- [EXERCISE DETAILS]:
Each line of the data is to be output verbatim, with the images removed.
——
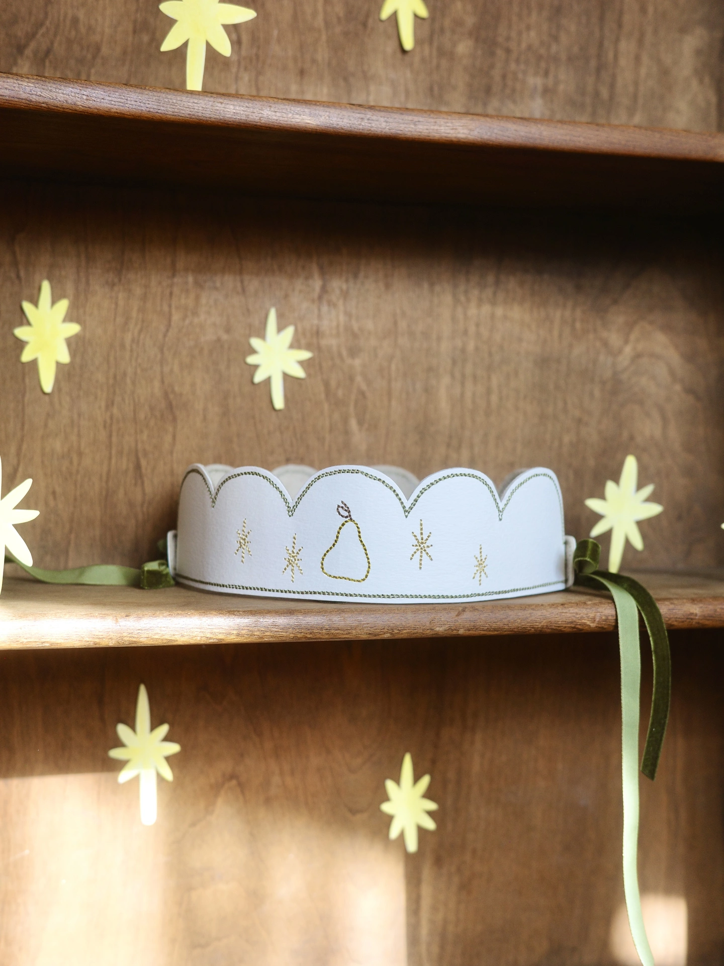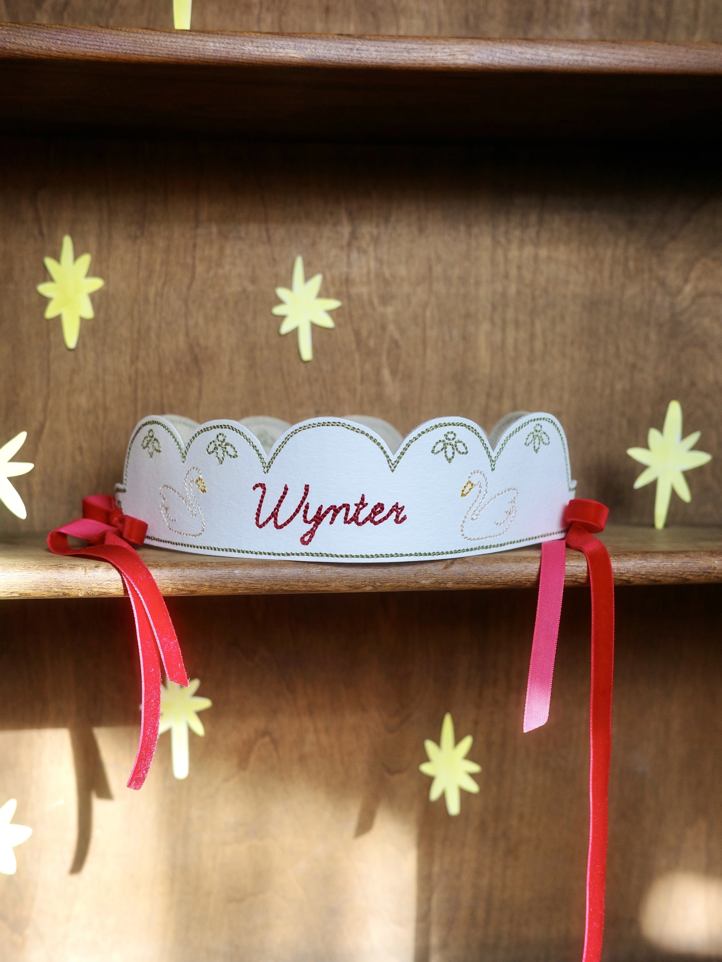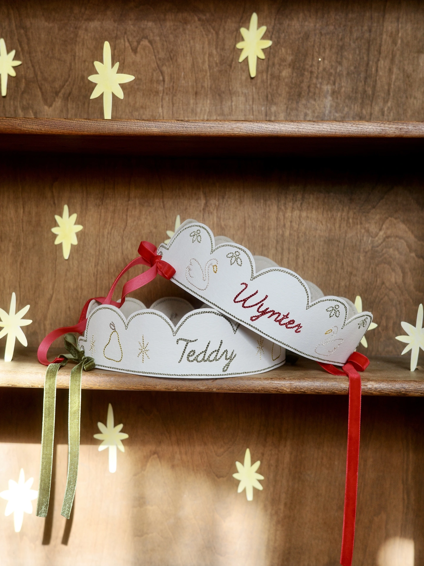 This beautiful embroidered crown is the perfect addition to celebrate life's special moments. Mark Christmas and milestones with this timeless handmade crown - a keepsake to be cherished year after year. Perfect as a gift, it begins a beloved family tradition. Between celebrations, it can be displayed in a child's room, ready to be worn again next year.
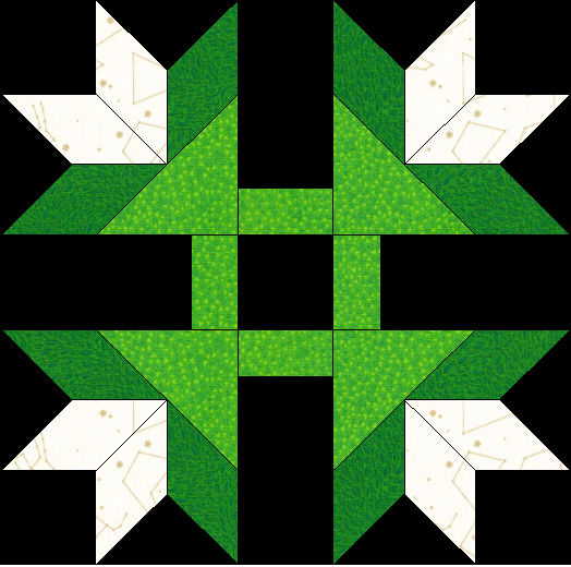 The 1st section are the 4 corner Squares. build this the same as you did with the previous blocks. Sew the white trabapids together insert the black square, now sew the green trapezoids to this section insert the black triangles, the last piece that will be sewn on is the light green triangle to finish the square. do this on all 4 corners.
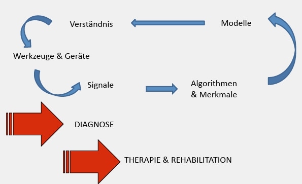 Neurotechnische Implantate eröffnen neue Möglichkeiten in Diagnostik, Therapie und Rehabilitation. Medizinisches Expertenwissen ist noch notwendig, um die Systeme patientenspezifisch einzustellen, gerade wenn eine Regelschleife geschlossen werden soll. Die neuen Implantate sind allerdings auch Werkzeuge, mit denen Signale aufgenommen und neue Algorithmen eingesetzt werden können, um Modelle zu überprüfen, Wissen über den Körper und die Änderungen bei Erkrankungen zu gewinnen und besser zu verstehen und damit neue Therapien und Implantate zu entwickeln (Abb. 5). In diesem Fall scheint es sich also für Ärzte und Techniker zu lohnen, im Kreis zu gehen, um Fortschritte zu erzielen und Patienten besser versorgen zu können.
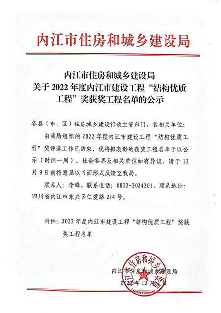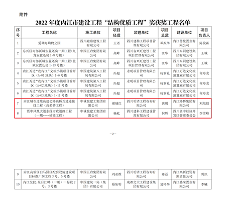 近期,内江市住房和城乡建设局公布了2022年度内江市建设工程“结构优质工程”奖获奖工程名单,中诚投建工集团承建的内江城市过境高速公路高桥互通连接线工程项目和资中凤凰大道东段市政道路工程项目榜上有名。
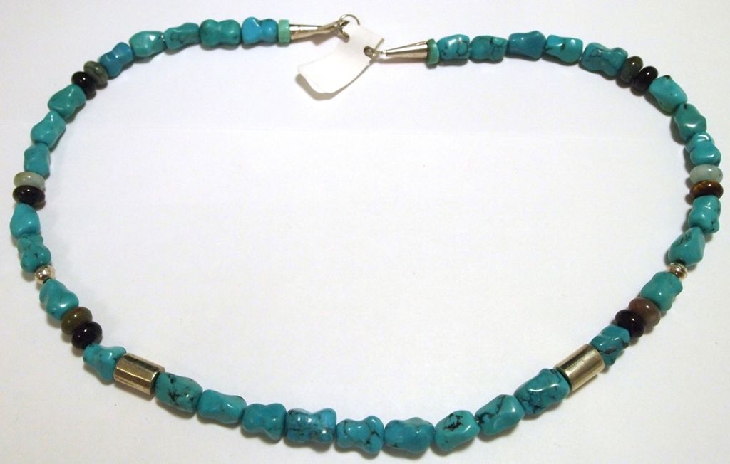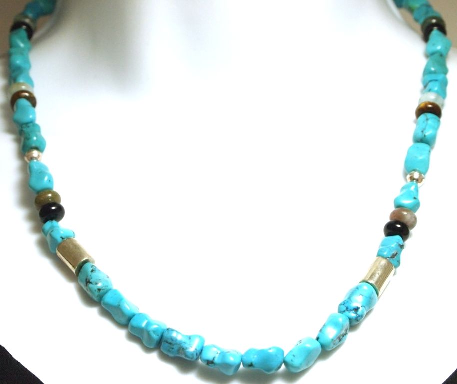 Measures 18" around by 1/4" wide. Stones present: Turquoise, Onyx, Tiger's Eye, Glass.
——
- [FINISHED TASK]:
 This beautiful embroidered crown is the perfect addition to celebrate life's special moments. Mark Christmas and milestones with this timeless handmade crown - a keepsake to be cherished year after year. Perfect as a gift, it begins a beloved family tradition. Between celebrations, it can be displayed in a child's room, ready to be worn again next year.
 The 1st section are the 4 corner Squares. build this the same as you did with the previous blocks. Sew the white trabapids together insert the black square, now sew the green trapezoids to this section insert the black triangles, the last piece that will be sewn on is the light green triangle to finish the square. do this on all 4 corners.
 Neurotechnische Implantate eröffnen neue Möglichkeiten in Diagnostik, Therapie und Rehabilitation. Medizinisches Expertenwissen ist noch notwendig, um die Systeme patientenspezifisch einzustellen, gerade wenn eine Regelschleife geschlossen werden soll. Die neuen Implantate sind allerdings auch Werkzeuge, mit denen Signale aufgenommen und neue Algorithmen eingesetzt werden können, um Modelle zu überprüfen, Wissen über den Körper und die Änderungen bei Erkrankungen zu gewinnen und besser zu verstehen und damit neue Therapien und Implantate zu entwickeln (Abb. 5). In diesem Fall scheint es sich also für Ärzte und Techniker zu lohnen, im Kreis zu gehen, um Fortschritte zu erzielen und Patienten besser versorgen zu können.
 近期,内江市住房和城乡建设局公布了2022年度内江市建设工程“结构优质工程”奖获奖工程名单,中诚投建工集团承建的内江城市过境高速公路高桥互通连接线工程项目和资中凤凰大道东段市政道路工程项目榜上有名。
 Measures 18" around by 1/4" wide. Stones present: Turquoise, Onyx, Tiger's Eye, Glass.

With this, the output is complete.